I am trying to write a postgres query which returns max, min, median, first and last values in a group along with the timestamp column for each aggregate value
Table
Id Timestamp_utc Value
1 2020-11-05 15:36:15.768388 10
1 2020-11-05 15:40:15.768388 20
1 2020-11-05 15:44:15.768388 30
1 2020-11-05 15:45:15.768388. 5
1 2020-11-05 15:59:15.768388 25
1 2020-11-05 16:59:15.768388 25
Expected Result
Id Median Median_Timestamp Min Min_Timestamp Max Max_TimeStamp
1 17.5. 15:44:15.768388 5 2020-11-05 15:45:15.768388 30 2020-11-05 15:44:15.768388
I have this query which groups data doesn't include the timestamp
SELECT Id, time_bucket('60', timestamp_utc) AS bucket,
percentile_cont(0.5) within group (order by value) median_value,
min(value) min_value,
max(value) max_value
FROM rs.MyTable
WHERE id IN ( 1111,123)
AND timestamp_utc Between '2020-11-05 10:00:15.748643' and '2020-11-05 16:35:48.750313'
GROUP BY id, bucket
ORDER BY id, bucket
Is there a way I could get timestamp column as well for the aggregated value like timestamp_utc col data when the value is maximum?
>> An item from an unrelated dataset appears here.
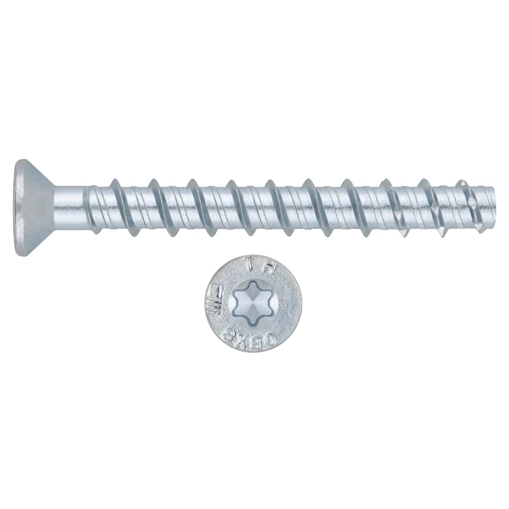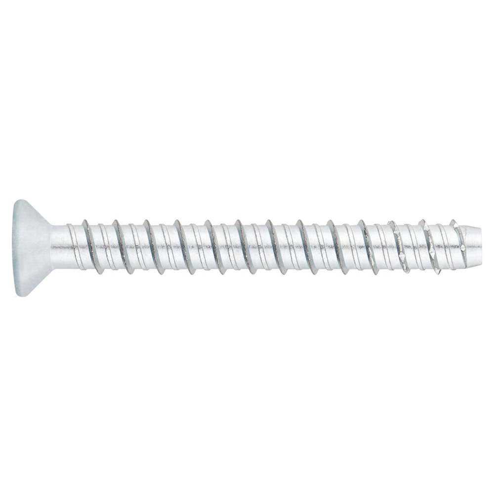 Vis de fixation directe à betón à tête fraisée, pour béton fissuré et non fissuré. Conçue pour fixer des éléments soumis à des charges élevées. La tête fraisée permet à la vis de rester affleurante après le montage. Démontable et réutilisable. Homologuée ETE Opt.1. Fabriquée en acier zingué.

One option uses window functions in a subquery to rank the timestamps by increasing and descending value
, then conditional aggregation in the outer query to bring the relevant values
select id, bucket,
percentile_cont(0.5) within group (order by value) median_value,
min(value) min_value,
max(timestamp_utc) filter(where rn_asc = 1) min_timestamp,
max(value) max_value,
max(timestamp_utc) filter(where rn_desc = 1) max_timestamp
from (
select t.*,
row_number() over(partition by id, bucket order by value) rn_asc,
row_number() over(partition by id, bucket order by value desc) rn_desc
from (
select t.*, time_bucket('60', timestamp_utc) as bucket
from rs.mytable t
where
id in (1111,123)
and timestamp_utc between '2020-11-05 10:00:15.748643'::timestamp
and '2020-11-05 16:35:48.750313'::timestamp
) t
) t
group by id, bucket
order by id, bucket
Note that we need to compute the bucket first, and put it in the partition of the window function.